Jack C R, Krecke K N, Luetmer P H, Cascino G D, Sharbrough F W, O'Brien P C, Parisi J E
Department of Diagnostic Radiology, Mayo Clinic, Rochester, MN 55905.
Radiology. 1994 Jul;192(1):123-7. doi: 10.1148/radiology.192.1.8208923.
To test the accuracy of fast spin-echo (FSE) imaging versus that of double-echo conventional spin-echo (CSE) imaging in identification of the increased hippocampal signal intensity associated with mesial temporal sclerosis (MTS).
Thirty-four subjects who subsequently underwent anterior temporal lobectomy for intractable seizures and in whom the presence or absence of MTS was ascertained with certainty were imaged with CSE and FSE. Three blinded reviewers evaluated the first and second CSE images (CSE1 and CSE2) and the FSE images.
CSE1 imaging had lower accuracy than FSE (P = .038) and CSE2 (P = .006) imaging. CSE2 imaging was slightly more accurate than FSE imaging (P = .048). Contrast-to-noise ratios were lower for CSE1 imaging than for CSE2 or FSE imaging (P < .001).
The FSE sequence evaluated was more time efficient than CSE imaging but slightly less accurate. Therefore, substitution of this sequence for a CSE sequence seems unwarranted.

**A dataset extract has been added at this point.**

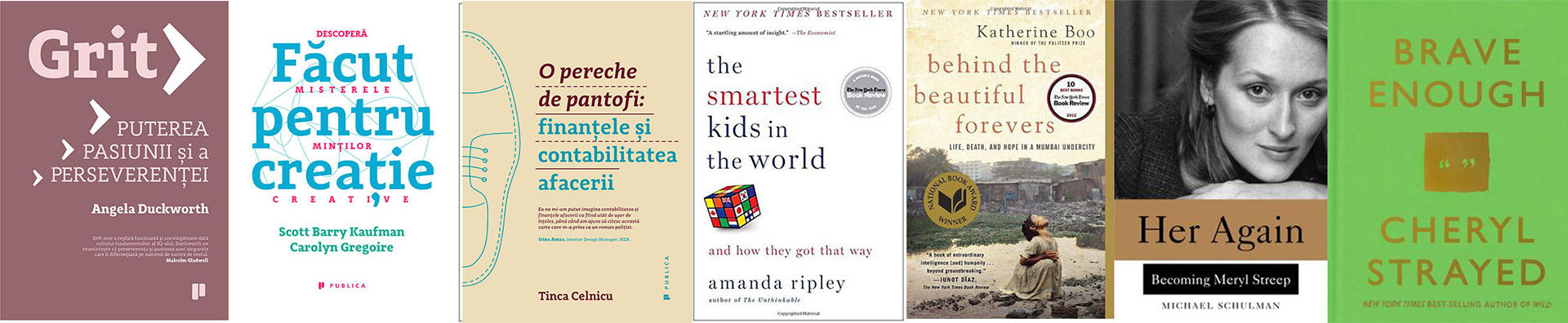• Grit. Puterea pasiunii și a perseverenței. Pornind de la propria poveste – aceea de fiică a unui om de ştiinţă care îi deplângea frecvent lipsa de „geniu” – Angela Duckworth descrie dificultăţile de care s-a lovit de-a lungul carierei sale și care au condus-o spre ipoteza că secretul realizărilor excepționale nu este, de fapt, talentul, ci o combinaţie unică de pasiune şi perseverenţă pe care ea o numește grit. De ceva timp, și acum, e number 1 nonfiction bestseller NYT.
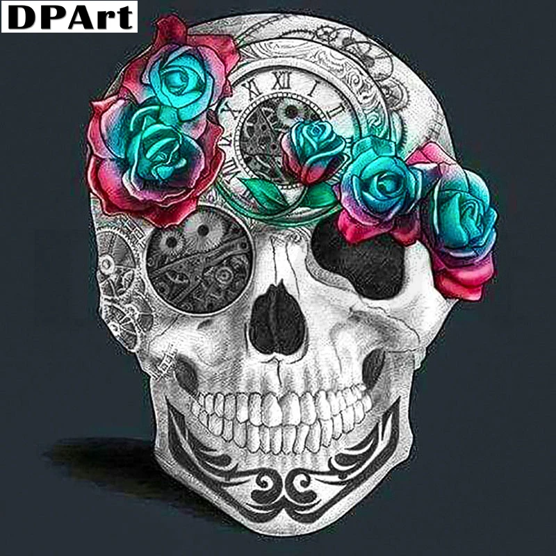 Алмазов картина Полная площадь/круглый дрель череп часы из розового 5D Алмазная вышивка крестом Комплект мозаика со стразами T220

比较快速自旋回波(FSE)成像与双回波传统自旋回波(CSE)成像在识别与内侧颞叶硬化(MTS)相关的海马信号强度增加方面的准确性。
对34例随后因顽固性癫痫接受前颞叶切除术且已明确有无MTS的受试者进行CSE和FSE成像。三位盲法阅片者评估了第一张和第二张CSE图像(CSE1和CSE2)以及FSE图像。
CSE1成像的准确性低于FSE成像(P = 0.038)和CSE2成像(P = 0.006)。CSE2成像的准确性略高于FSE成像(P = 0.048)。CSE1成像的对比噪声比低于CSE2或FSE成像(P < 0.001)。
所评估的FSE序列比CSE成像更省时,但准确性略低。因此,用该序列替代CSE序列似乎没有必要。